Gay Adopters what else?(26 Posts)
Ok, now I have your attention, sorry for the title I need your help please.
I have posted here before and am passionate about wanting to help dc and prospective adopted parents through the panel.
I have been given the opportunity to sit on panels in my area but have stalled because of fear of being wrong/getting something wrong.
I used to think that my views on gay people adopting were right and that under no circumstances should it be allowed because it isn't in the best interests of the child.
I then read a blog on here and it blew my mind as to how wrong I was.
I don't think myself homophobic and neither would anyone I know think I am, my child has a tutor who is gay and have numerous gay friends past, present and hopefully future. Took dd to the rainbow day? in Liverpool.
So getting the picture, I am really worried what else I could be wrong about and I know hardly anything at all.
Where can I learn more and how can I prove to myself that I could be of any benefit.
Message withdrawn at poster's request.
Why have you been invited to sit on a panel?
I mean, what experience do you bring to the table ?
None what so ever.
I am an adopted person, qualified teacher but don't teach.
I'm not sure of how it works at all and haven't gone further, that's what I'd like to know really.
I'm not suggesting I will have any authority at all and also don't know that authorities would offer training tbh.
You shouldn't sit on panel really as you have pre conceived ideas.
You'd be expected to read par's, ask social workers questions to be able to make a recommendation to the agency decision maker.
You'd be classed as an independent person - la's often use adopters and adopted adults.
Have to agree with ledkr though - you shouldn't sit on a panel with preconceived ideas about anything.
I suggest you politely decline from sitting on an adoption panel. Of course you will have authority, as all panel members would.
If you do want to go ahead, read, read and read so e more about the agencies policies and about adoption itself.
Thank you very much for your honesty and its the reason the reason I stalled before I knew what would be involved.
However, I do know professionals who do have these preconceived ideas. I found out how wrong I was.
My first contact told me it would be as an independent person.
I'm sure you are right, many professionals do have similar pre conceived ideas . And I think you have done the right thing in asking for advice and information here, rather than just assuming that you know it all because you are an adoptee.
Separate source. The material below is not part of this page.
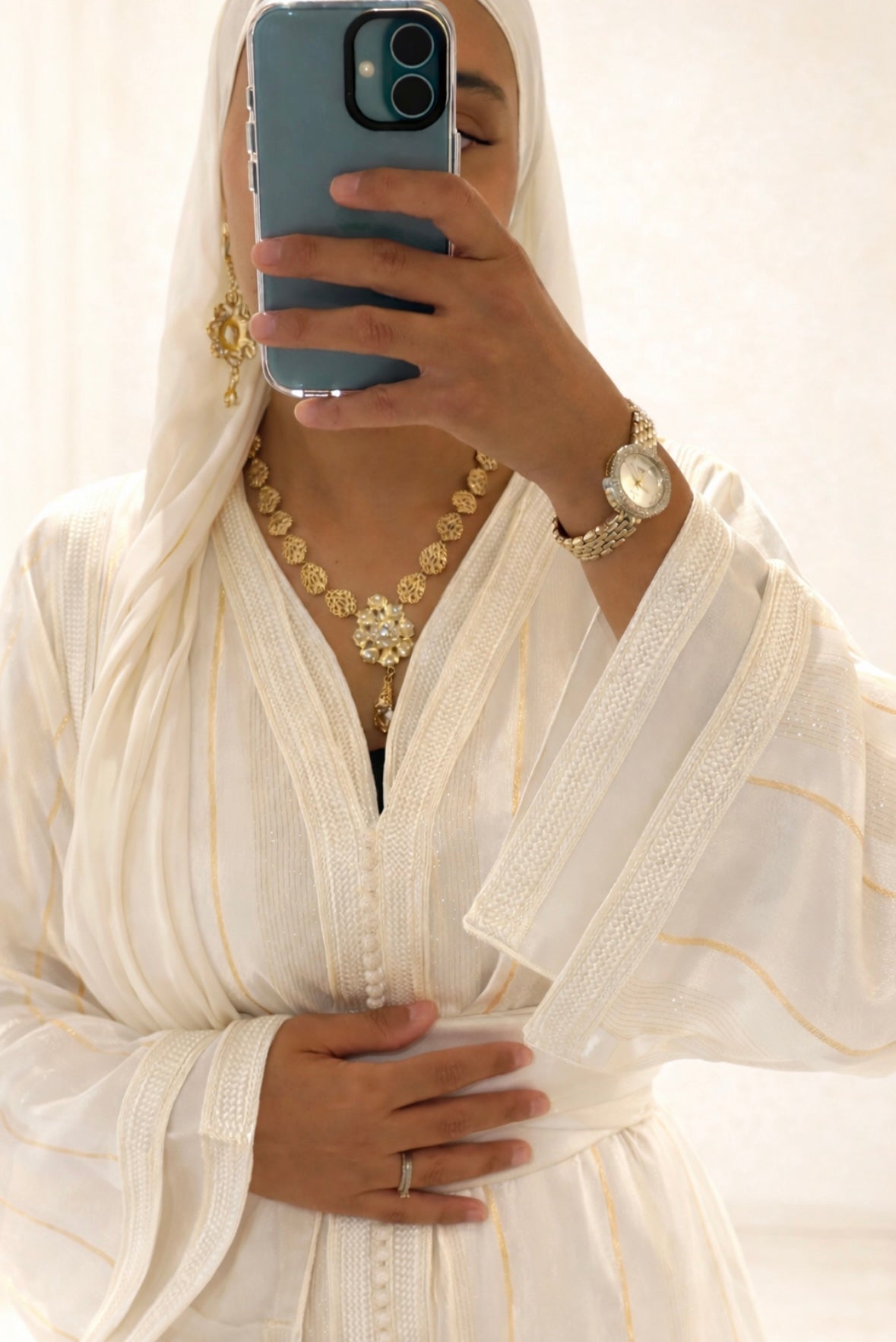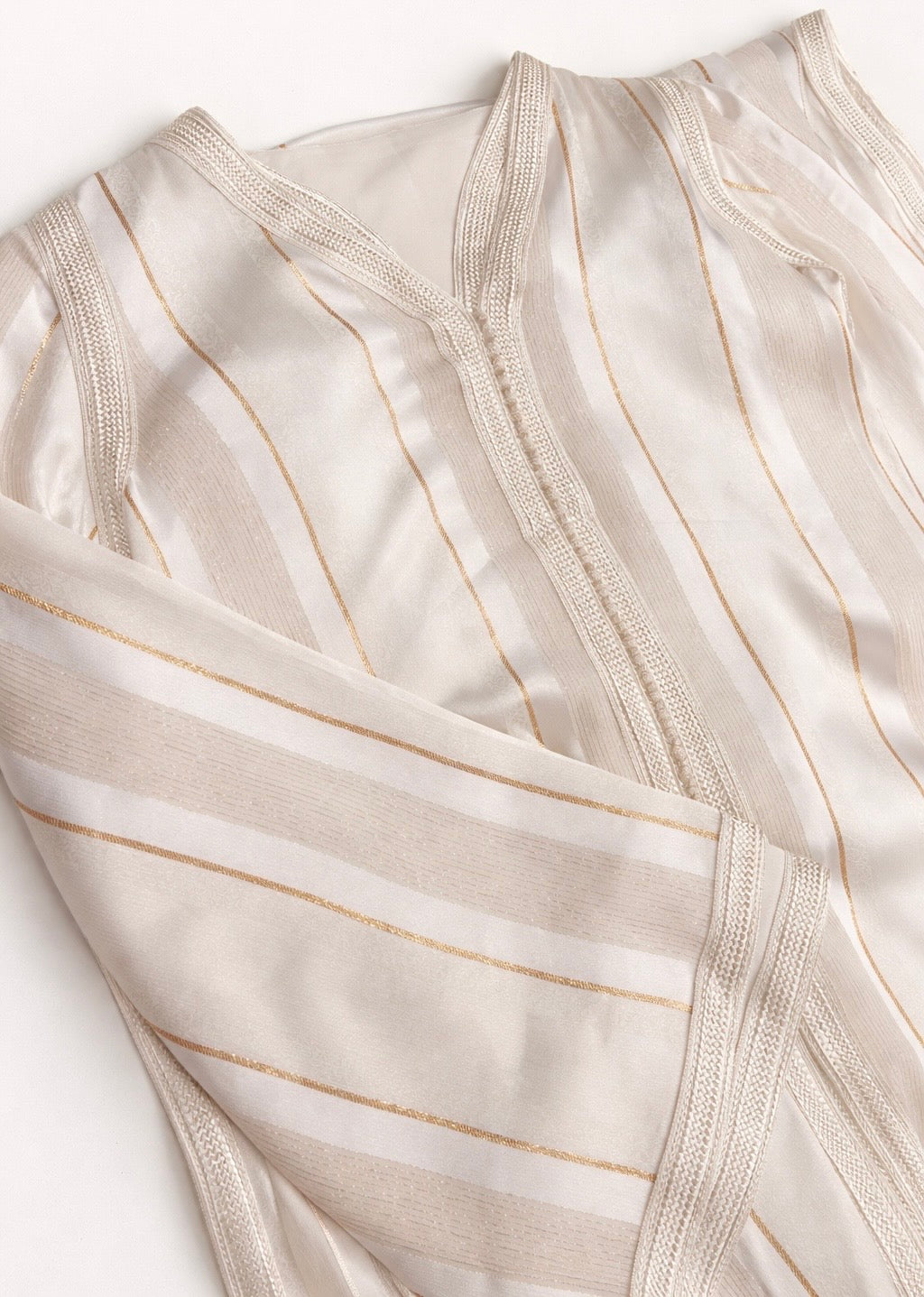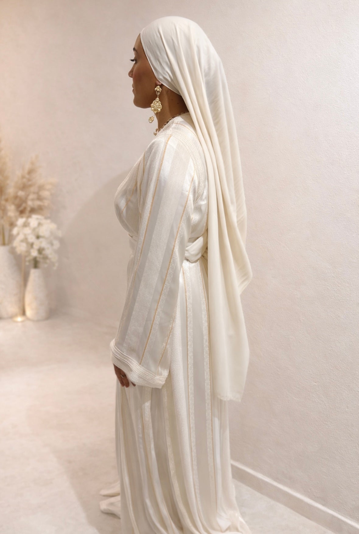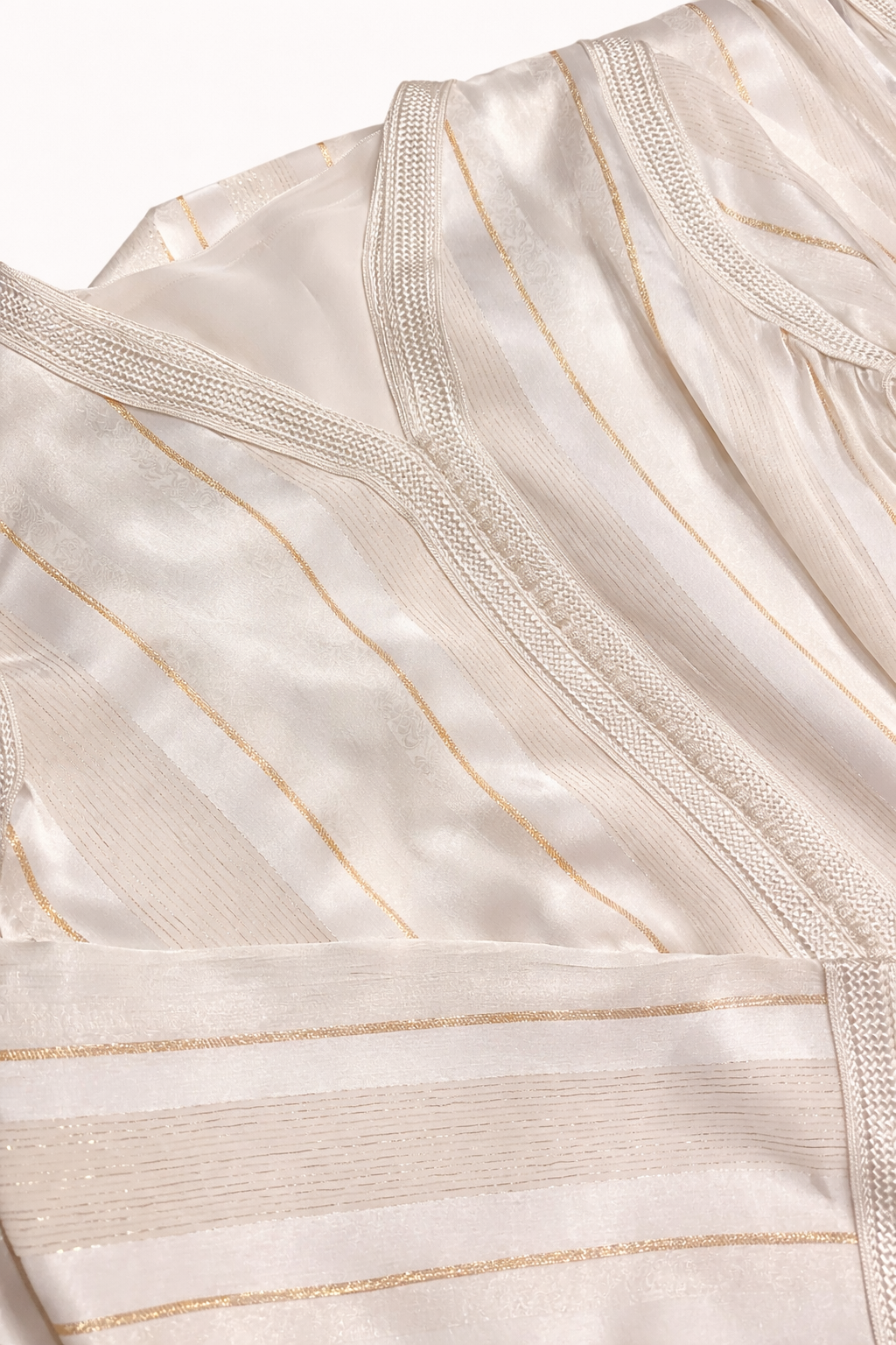 La Takchita Jawhara incarne le raffinement et la grâce de la tradition marocaine sublimée par une touche contemporaine. Confectionnée dans un tissu satiné délicatement fluide, elle se distingue par ses fines rayures dorées et ses détails travaillés avec précision le long du buste et de la longueur, apportant éclat et sophistication à chaque mouvement.
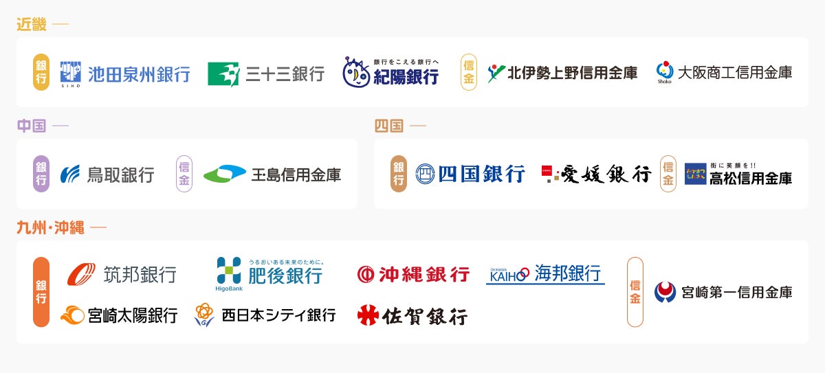 鳥取銀行、筑邦銀行、八十二銀行、肥後銀行、四国銀行、池田泉州銀行、秋田銀行、三十三銀行、愛媛銀行、北日本銀行、沖縄銀行

But I have to agree with the others who suggest that sitting on a panel isn't the right job for you. There are many other organisations that work with children and most offer training and support in the role. I'm sure you will find another area where you can put your concern for children into action .
Good luck !
I actually think your ability to reflect and question your views is a positive thing. We all have prejudices, that is part of being human. But being professional is being aware of them, and being able to look beyond them and have a sense of professional detachment. Sometimes that takes experience. We all have ideas about what we think good parents should be, and there are many different and diverse parenting styles and family make-ups.
Your point was that you had a belief that gay couples should not adopt, but by finding out more information, your view changed. If other people challenged their prejudices, the world might be a better place!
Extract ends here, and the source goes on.